Consider the truth assignment shown below. Given this truth assignment, the antecedent is true, and the consequent is true. Therefore, the implication as a whole is true.

p(a)

→

1

p(b)

→

0

q(a)

→

1

q(b)

→

0

Now consider the truth assignment shown below. In this case, both the antecedent but the consequent is false; hence the implication as a whole is false.

p(a)

→

0

p(b)

→

0

q(a)

→

0

q(b)

→

0

Since there is a truth assignment in which the implication is true and there is a truth assignment in which it is false, the sentence is contingent.

i.

∀x.(p(x) ⇒ q(x)) ∧ ∃x.(p(x) ∧ ¬q(x))

The first conjunct tells us that, if p is true of an object, then q is also true. The second conjunct tells us that there is an object for which p is true but q is false. These two conditions cannot be satisfied by any truth assignment, so the sentence is nsatiisfiable.

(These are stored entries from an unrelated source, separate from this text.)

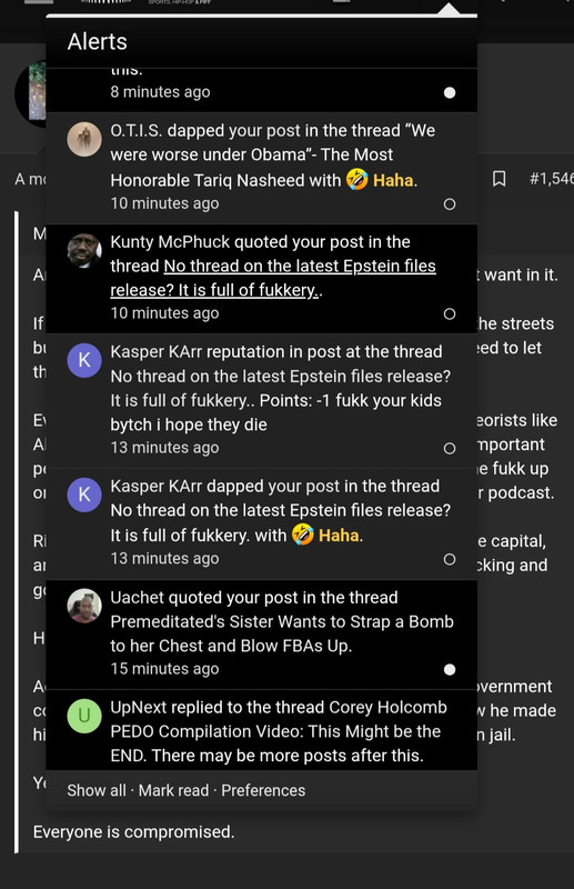 thats what my notifications have been looking like lately.. i made some anti-droolset thread and dude jumped in to call you a dog fukker. i asked him to not do that shyt in my threads and he's been wanting me to die/get aids/get hit by a car/be white/fukk a dog ever since. dude has some serious screws loose
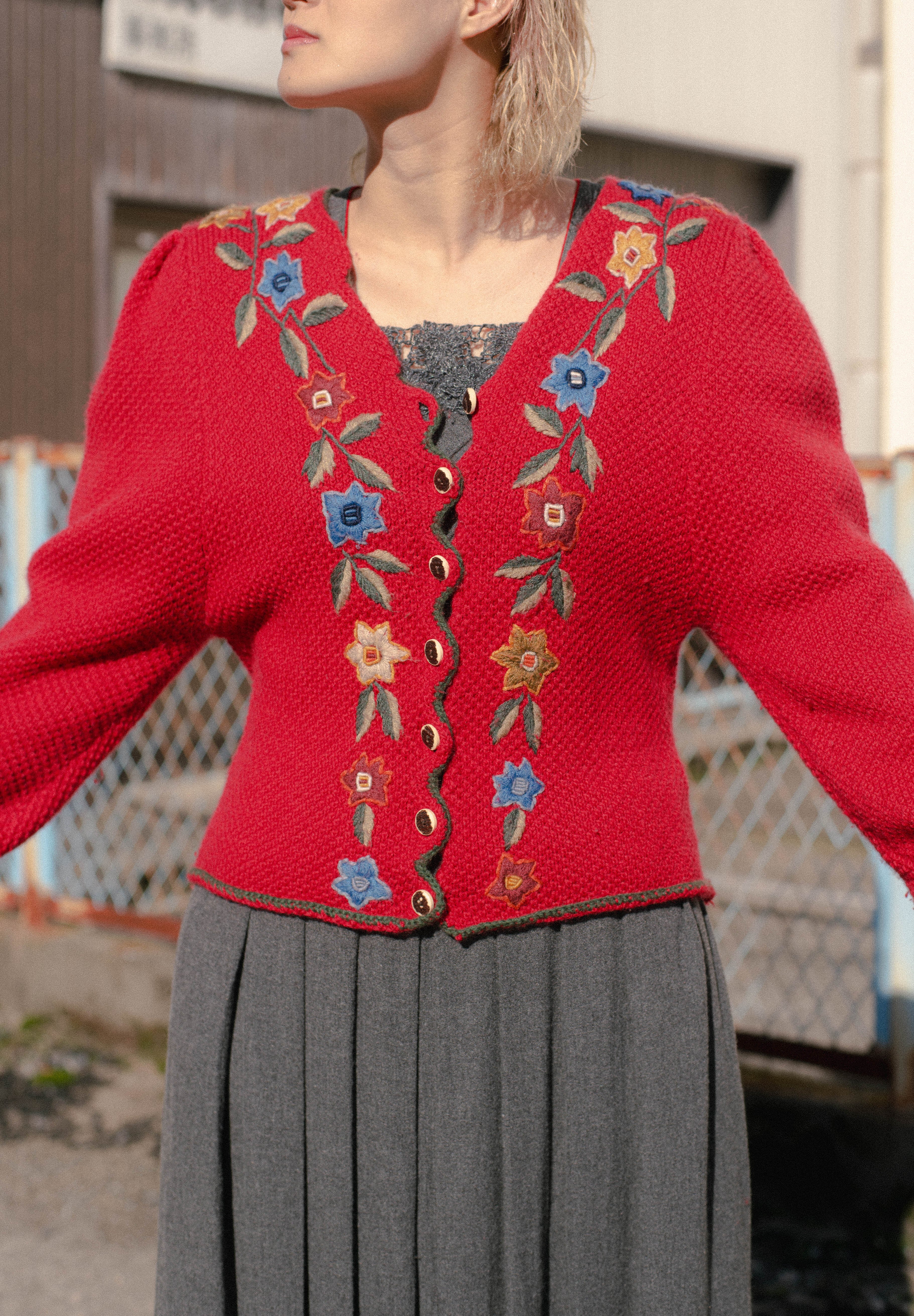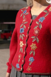 お花の刺繍とたっぷりなお袖がかわいいチロルカーディガン。
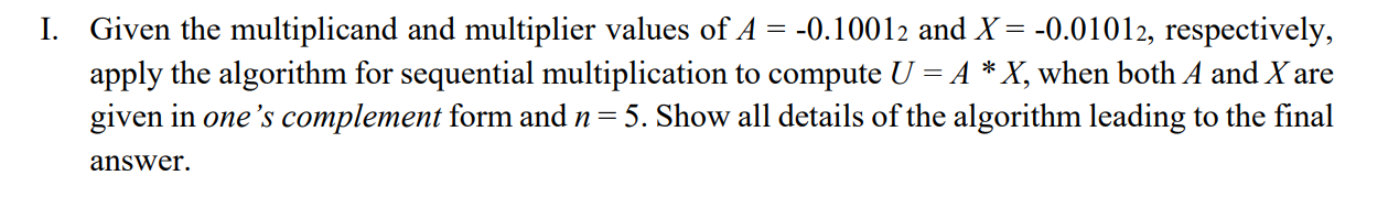Solved I. Given the multiplicand and multiplier values of | Chegg.com
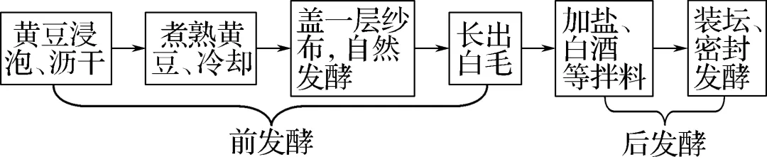 9. (2025·南通如东期初)豆豉是长江以南地区传统发酵豆制品调味料,参与豆豉发酵的主要微生物为曲霉菌。利用传统发酵技术制作风味豆豉的主要工艺流程如下图。下列叙述错误的是(C)
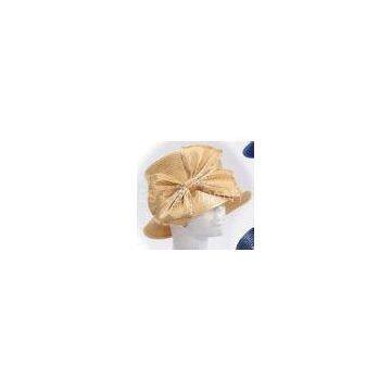 100% Polyester Satin Braid Beige Ladies' Church Hats , Big Bow Diamond
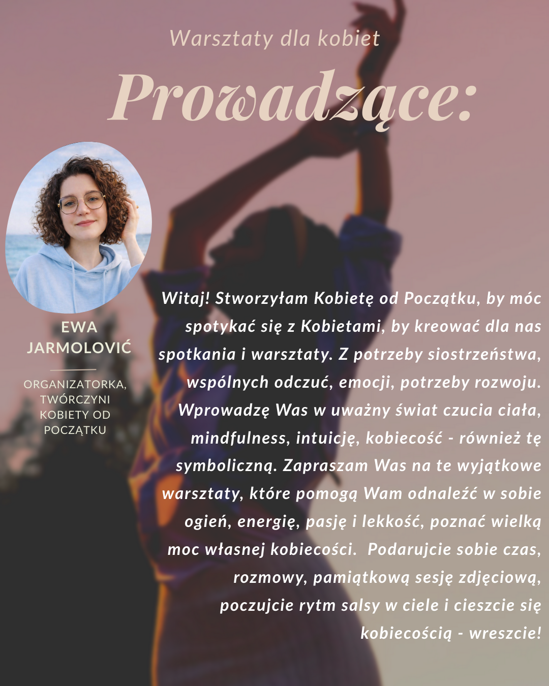 Zapraszam Cię na absolutnie unikatowe, całodniowe warsztaty dla kobiet, które łączą w sobie mindfulness, ognistą salsę i sesję zdjęciową wraz z warsztatem z fotografką o pozowaniu.
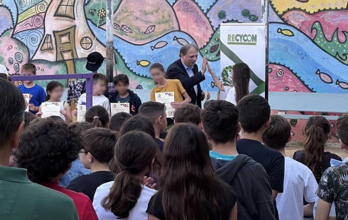 Παράλληλα έγινε ολοήμερη δράση με παιχνίδια που οργανώθηκαν ανά τάξη σε συνεργασία με την εταιρεία Recycom, με την οποία πραγματοποιείται στον Δήμο ανακύκλωση ρούχων, αξεσουάρ και υπόδησης με 70 μωβ κάδους σε όλο τον Βύρωνα.
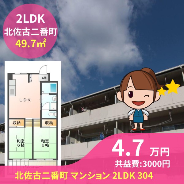 徳島市北佐古二番町の北佐古二番町 マンション 2LDK 304をご紹介します
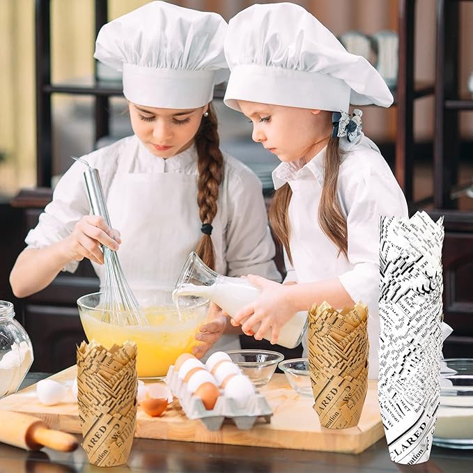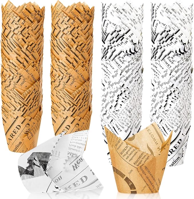 800 Pcs Tulip Cupcake Liners Baking Cups Muffin Baking Cupcake Liners Wrappers Greaseproof Tulip Cups Holders for Party Wedding Birthday Baby Showers(Newspaper,Retro Style)

Consider a world with two objects (named a and b), and consider the truth assignment shown below. In this case, the antecedent is true and the consequent is also true. Hence the sentence as a whole is true.

p(a)

→

1

p(b)

→

1

Now consider the following truth assignment. In this case, the antecedent is true, but the consequent is false. Hence the sentence as a whole is false.

p(a)

→

0

p(b)

→

1

Since there is one truth assignment that makes the sentence true and another that makes it false, the sentence is contingent.

j.

(∃x.p(x) ⇒ ∀x.q(x)) ∨ (∀x.q(x) ⇒ ∃x.r(x))

This sentence matches the pattern (φ ⇒ ψ) ∨ (ψ ⇒ χ). If ψ is true, then the first disjunct is true. If ψ is false, then the second disjunct is true. Consequently, the disjunction as a whole is always true.